Exercise aim:
From the records below, please print only the lines from the one containing "Treinstel uit de" through the one containing "The Gaudi chair", both included. Skip the pictures.

Source information section start

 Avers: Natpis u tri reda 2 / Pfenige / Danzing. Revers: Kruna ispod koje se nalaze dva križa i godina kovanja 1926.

Source information section end
Source information section start

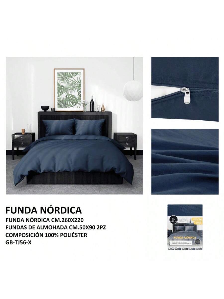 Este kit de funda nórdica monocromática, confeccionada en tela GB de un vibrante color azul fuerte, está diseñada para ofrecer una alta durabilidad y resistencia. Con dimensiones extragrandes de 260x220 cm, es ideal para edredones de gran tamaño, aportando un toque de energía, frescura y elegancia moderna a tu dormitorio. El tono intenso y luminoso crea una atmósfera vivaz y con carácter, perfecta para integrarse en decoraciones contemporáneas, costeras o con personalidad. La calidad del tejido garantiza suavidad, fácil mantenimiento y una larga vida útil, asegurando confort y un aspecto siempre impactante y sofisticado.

Source information section end
Source information section start

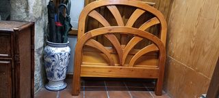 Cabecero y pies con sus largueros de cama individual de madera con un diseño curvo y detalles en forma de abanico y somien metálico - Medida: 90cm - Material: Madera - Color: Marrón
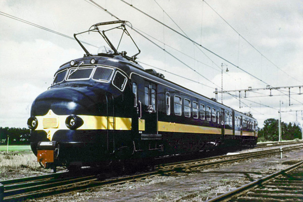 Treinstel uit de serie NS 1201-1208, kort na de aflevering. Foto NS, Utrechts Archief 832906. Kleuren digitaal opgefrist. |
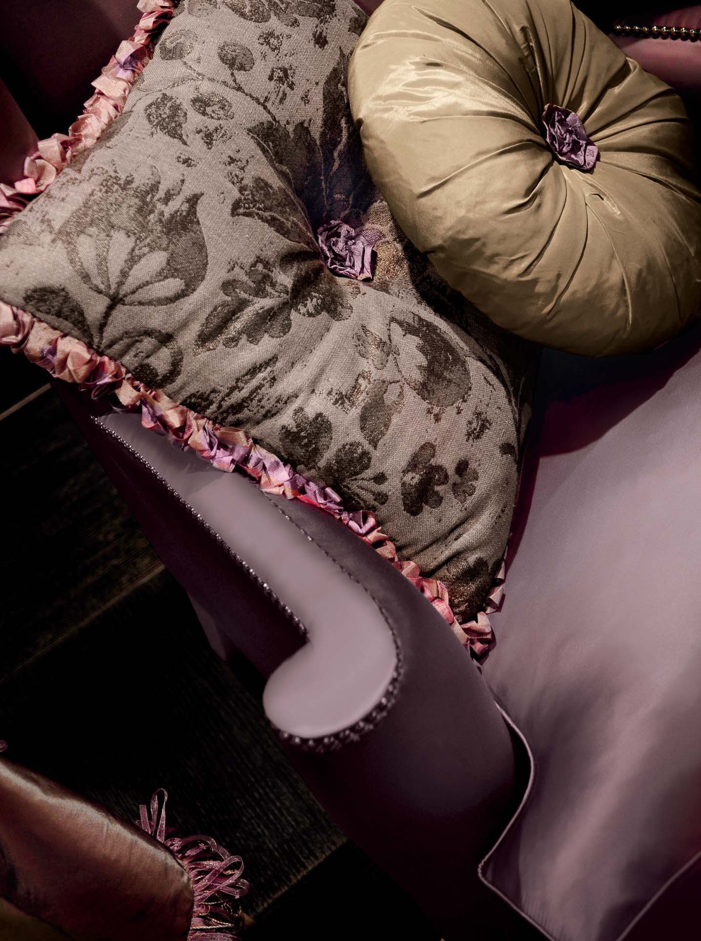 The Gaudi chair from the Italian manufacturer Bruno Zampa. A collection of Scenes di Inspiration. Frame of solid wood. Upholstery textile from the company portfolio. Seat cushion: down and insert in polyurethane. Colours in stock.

Source information section end

Response to this task:
 Treinstel uit de serie NS 1201-1208, kort na de aflevering. Foto NS, Utrechts Archief 832906. Kleuren digitaal opgefrist. |
 The Gaudi chair from the Italian manufacturer Bruno Zampa. A collection of Scenes di Inspiration. Frame of solid wood. Upholstery textile from the company portfolio. Seat cushion: down and insert in polyurethane. Colours in stock.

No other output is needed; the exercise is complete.